More than 600 recycling and waste management professionals gathered June 27 in London at the Materials Recycling World (MRW) National Recycling Awards 2019.
United Kingdom’s first textile bank, Thompson Recycling and Landfill’s zero waste to landfill accomplishment and British Metals Recycling Association’s (BMRA) apprenticeship program are among the winners recognized for “best practice” and “innovation” in recycling and waste management.
“Every year through the awards we discover and celebrate truly groundbreaking initiatives, technology and services,” MRW Editor Corin Williams says. “The MRW National Recycling Award 2019 winners show our industry has the inspiration, expertise and enthusiasm to meet these challenges and lead from the front.”
BMRA was awarded the Excellence in Learning and Development award for its Metal Recycling General Operative (MRGO) level two apprenticeship.
Launched in November 2018 by Sir Gerry Berragan, CEO of the Institute for Apprenticeships, London, the MRGO is the industry’s first sector-specific apprenticeship that offers 13 different apprenticeships with Mellor Metals, Recycling Lives, Sackers, Sims Metal Management, S. Norton and other metal recycling companies in areas including material handling and end-of-life vehicles (ELVs).
“It is a really honor to win this award because as a group we have delivered a complex apprenticeship that truly offers sector-specific learnings,” Antonia Grey, BMRA public affairs and communications manager, says in a report by ATF Professional. “With a strong focus on learning and development, the MRGO apprenticeship is unique because it offers the option to specialize in a chosen area.”
She adds, “Through the apprenticeship, the partnership has engendered a greater sense of pride in the sector because it both recognizes and underscores the complexities of the industry and the role it has in protecting the environment.”

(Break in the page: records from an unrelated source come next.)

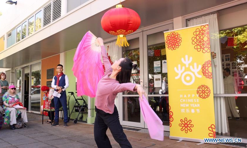 A woman performs Yangko Dance, a popular Chinese folk dance, for residents in Wellington's Central Park, New Zealand, Feb.13, 2021. The community celebration of the Chinese New Year was held in Wellington's Central Park, with Chinese music, traditions and blessings. (Photo by Zhang Jianyong/Xinhua)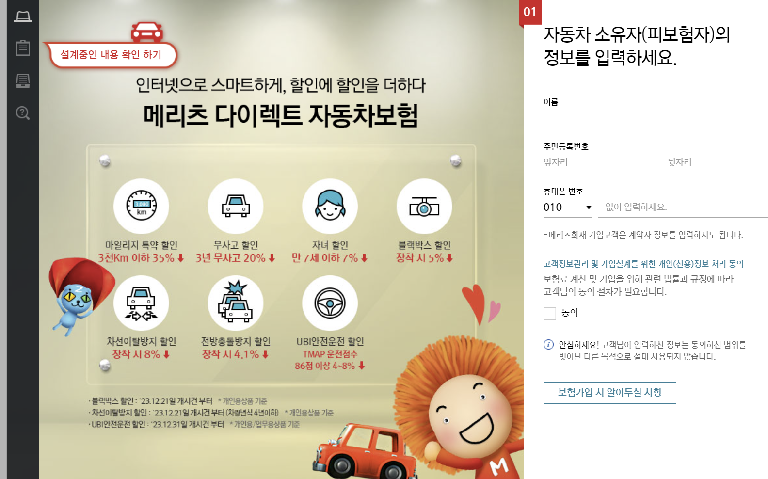 메리츠화재 다이렉트 자동차보험 보장내용 할인특약 보장내용 보험료 약관 정리 시작하겠습니다.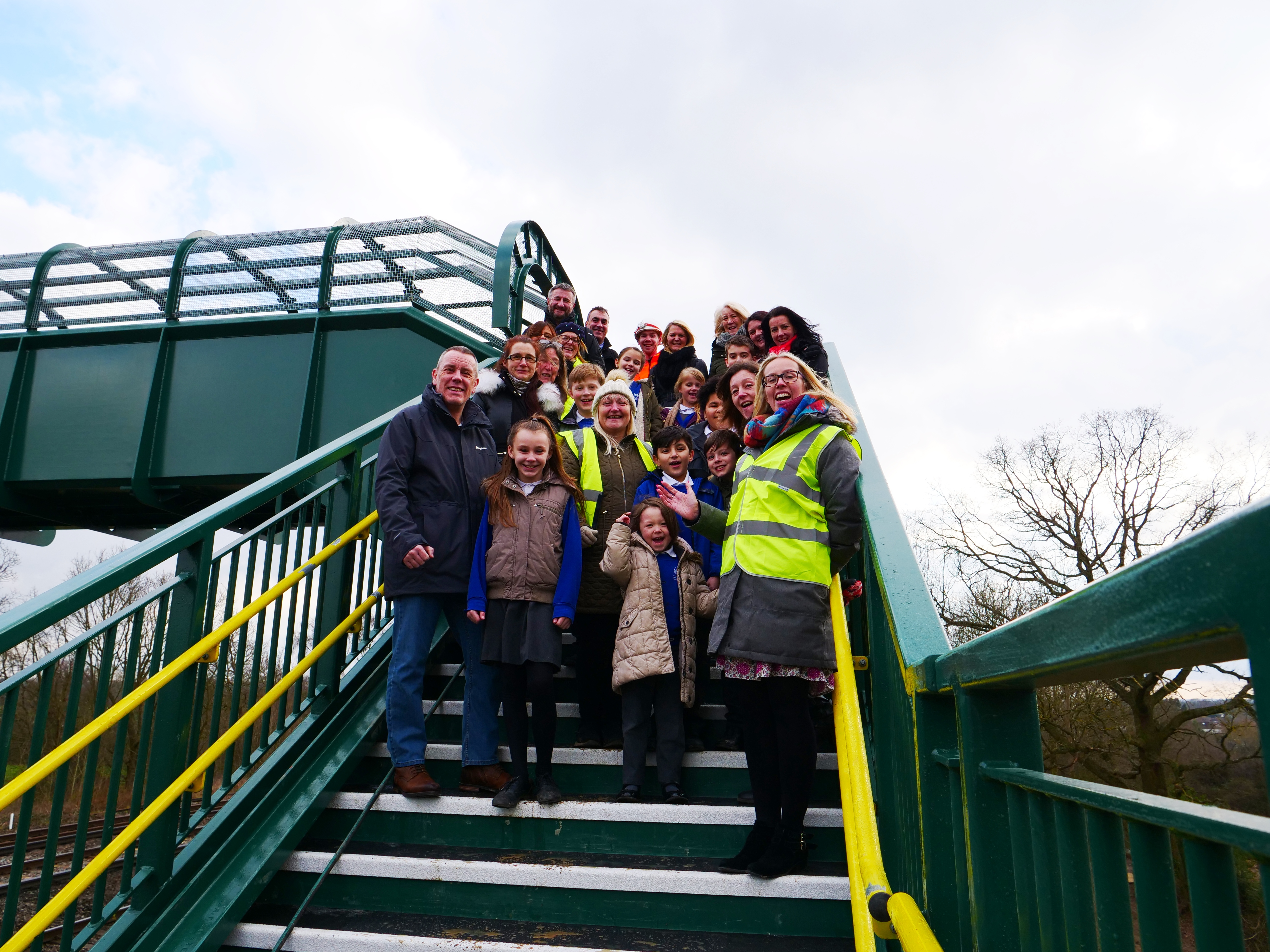 Children, parents and staff from Salfords School celebrate the opening of the new bridge at Dean Farm Crossing, Salfords, Surrey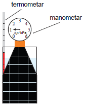 na kuhalu. Temperaturu vode mjeri termometrom, a na otvoru tikvice nalazi se manometar koji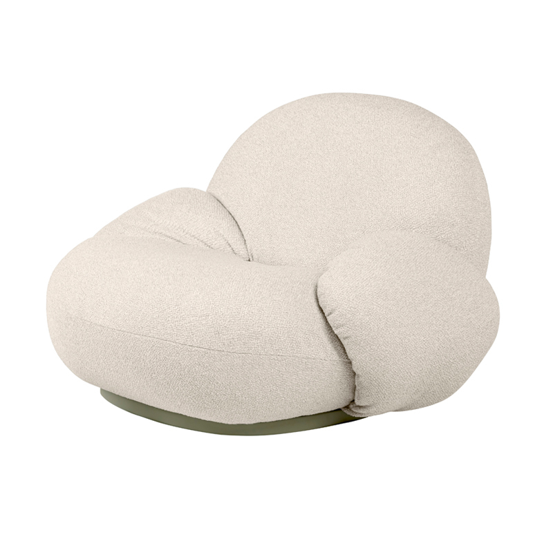 Pierre Paulin's famous avant-garde collection pushes the boundaries even further and leaves the house. The sculptural softness of the collection Pacha, inspired by clouds, is distinguished by its original shape and high level of comfort for optimal relaxation. All these qualities are now available in an outdoor version. Pierre Paulin's first sketches for the Pacha collection were very simple drawings that looked like clouds. These forms became the basis of the Pacha armchair, defining a new spirit of the time. When it was launched in 1975, the Pacha armchair introduced a new way of relaxing, closer to the ground. Designed to last, Pacha Outdoor features an intermediate membrane, developed specially by Gubi for the collection. It is both waterproof and breathable, ensuring quick drying after exposure to the rain, while maintaining the comfort of the original icon. The swivel base is made from moisture-resistant plywood and includes a stainless steel rotation mechanism.  The Pacha Gubi armchair is also available in a fixed version. Edited by Gubi, the Pacha Outdoor collection includes a swivel armchair with or without armrests, a pouffe and sofas in various sizes. All these models can be combined to create an outdoor relaxation area to suit your space.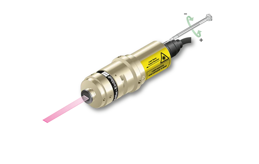 For this laser type the working distance is fixed. A fine-adjustment of the distance between laser and target is recommended for fine-focusing in order to achieve minimal line width.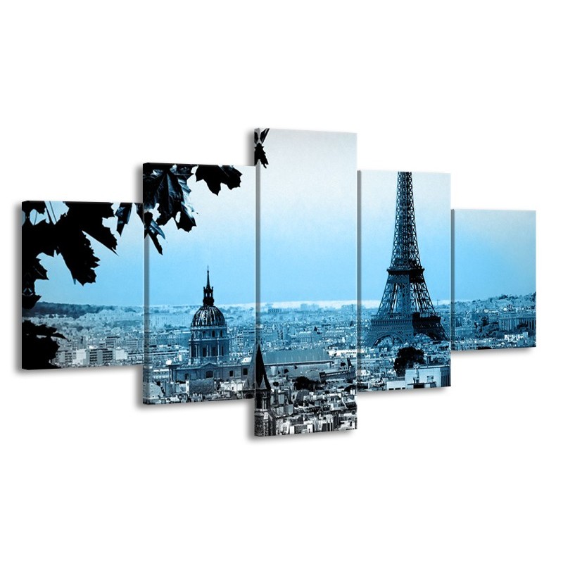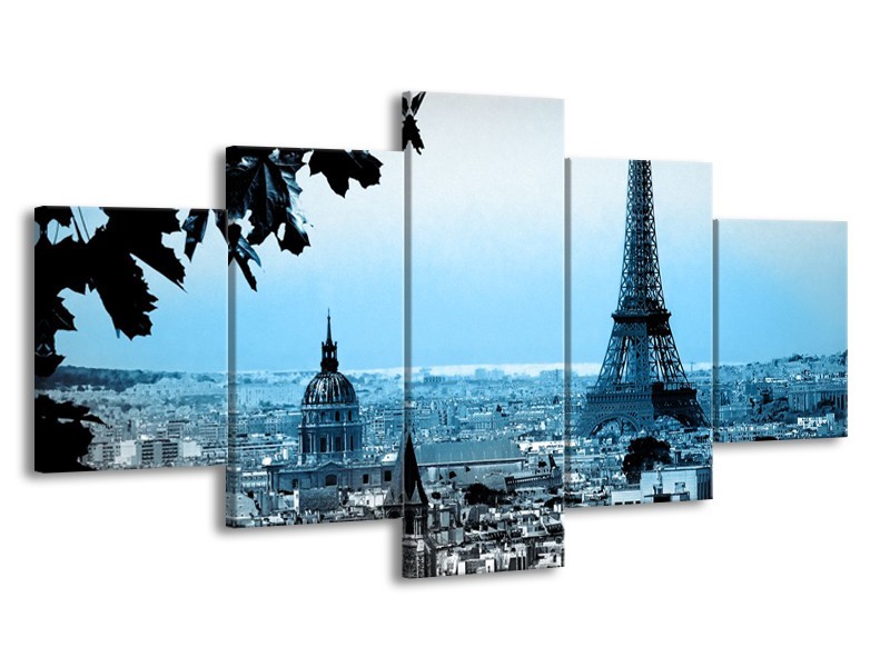 Glasschilderij Parijs, Eiffeltoren | Grijs, Blauw | 150x80cm 5Luik

Axion Polymers, U.K., won the Team of the Year-Commercial award for its “circular approach” to recycling ELV plastics and meeting customer’s specifications for recycled polymers for a “wide range of new products.”
At Axion’s two processing sites, plastics recovered from auto shredder scrap are refined into high-quality polymers that match virgin quality, the recycler says in a news release announcing the achievement.
“Circular economy principles run throughout every aspect of the Axion Polymers team’s work and we’re delighted to have been recognized with a National Recycling Award,” Mark Keenan, business development manager, said at the ceremony.
Amy Stiven, sales and logistics manager, adds: “We build long-term relationships with customers to deliver successful, sustainable and locally-sourced raw material supply chains with all-round economic and environmental benefits.”
Stroud District Council, U.K., was recognized with the Local Authority Success-Overall Service Change award for its waste and recycling collection system, which was implemented in 2016 with a goal to reduce waste going to landfill and increase recycling. Stroud is the highest performing district for waste diversion and recycling in England, improving its recycling rate from 15 percent to more than 60 percent, according to the Department for Environment, Food and Rural Affairs (DEFRA). Hubbub, U.K., also won the Food Waste Initiative award for its community fridge network of 100 fridges that “provide a place for local residents and businesses to donate a surplus of perishable food, which is then available for anyone in the community to take.”
In addition, Recycling Lives, a British recycling and waste management company, won the Partnership Excellence award for its partnership with Amey, a U.K.-based waste management company, and public services provider Serco. The partnership uses electronics recycling to rehabilitate prisoners across 11 prisons in the U.K.
In 2018, the workshop, run by Serco, processed 939 tons of electronic scrap and achieved a 99.8 percent recycle rate for metals, glass, plastics, panels and circuit boards. Participants also develop skills and secure work and housing upon release and less than 5 percent reoffend, the company says.
“Winning this award is the cherry on top of an excellent partnership that allows us to really make a difference,” says Recycling Lives CEO Anthony Sharkey. “Meaningful work is critical to improving an offender’s chance of rehabilitation, so we are grateful to Amey and Serco for buying into our model and working with us to make it happen.”
Emily Davies, head of social impact at Amey, adds, “I’m delighted the fantastic work we’ve been delivering with Recycling Lives has been recognized. I’m proud the work is having positive impacts on improving offender’s rehabilitation, as well as reducing the amount of household items ending up in landfill sites.”